Lástima que no pude compartir y aprender más de él, lástima que no pude ver sus manos envejecer como las de la foto; sin embargo, me da gusto saber que fue un hombre que a pesar de ser tan diferente a su entorno, disfrutó de su vida, y que salió adelante, haciendo lo que más le gustaba: arte; y no simplemente por destacarse, sino porque lo llenaba y lo hacía feliz.

A veces es difícil no sentir dudas de que lo que hacemos para vivir, sea de verdad o no nuestra pasión. Creo que eso lo sabremos, cuando estemos viejos, y podamos sentarnos en nuestras salas, apaciblemente escuchando un disco de música clásica en nuestros equipos de sonido.

Hasta entonces, debemos seguir viviendo... o acostumbrándonos a la vida.

sábado, 7 de enero de 2012

LAS BASES DEL ÉXITO EN CIENCIA FICCIÓN


















Yo, como amante de la literatura fantástica y de la ciencia ficción, amo las obras de Issaac Asimov. Es por esto, que decido compartir este poema o verso (como lo quieran llamar) sobre "Las bases del éxito en ciencia ficción", escrito a manera de burla de su propio genero literario, pero a la vez muy cierto en lo que menciona.

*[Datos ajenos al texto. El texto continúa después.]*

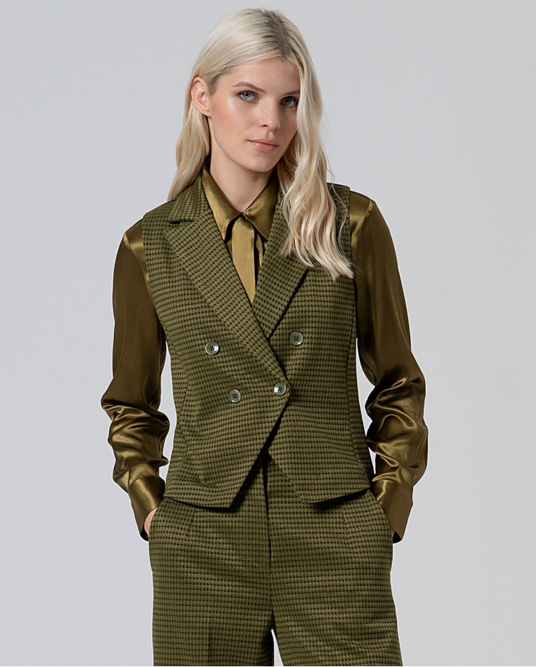 Su patrón pata de gallo en tono verde oliva aporta profundidad y sofisticación, mientras que su corte cruzado define la figura con elegancia precisa.

Si la ficción científica deseas cultivar
y destacar en ella con lustre sin igual,
practica de las ciencias la jerga singular,
sin importarte un bledo usarla bien o mal.
Pulsares y quasares tesáricas y falacias,
en un místico estilo, de pulida elocuencia,
harán que los fanáticos, sin entender palabra,
esperen tus escritos con febril impaciencia.

Y en tanto que tú surcas las sendas espaciales,
entonarán a coro, a golpe de incensario:
¡Un joven que planea a alturas siderales...!
¡Qué dotes de invención! ¡Qué hombre extraordinario!

No hay misterio en el éxito. Basta copiar la historia.
Todo está en ella ya, instante por instante.
El Imperio romano - su expansión y su gloria -,
trasladado a los cielos, brillará rutilante.
La trama es una brisa y, si así lo decides,
por el hiperespacio recorrerás parsecs.
Y si plagias un poco a Gibbon y a Tucíddides,
como nadie se entera, carece de interés.

Y en tanto que prosigues tu andar meditabundo,
entonarán a coro, a golpe de incensario:
¡Un joven tan versado en la historia del mundo...!
¡Qué auténtico talento! ¡Qué hombre extraordinario!

Aparta de tu héroe la amorosa pasión.
No existe el sexo.
Inmerso en la política -sus sombríos ardides-,
ciégalo para el resto.
Dale sólo una madre. La mujer, con sus ansias
de oropel y de joyas,
podría distraerle de sus sueños sublimes
y desviar el rumbo de su gran psicohistoria.

Y en tanto que recorres tan austero camino,
entonarán a coro, a golpe de incensario:
¡Un joven que se ciñe así a lo masculino...!
¡Cuán grande es su fuerza! ¡Qué hombre extraordinario!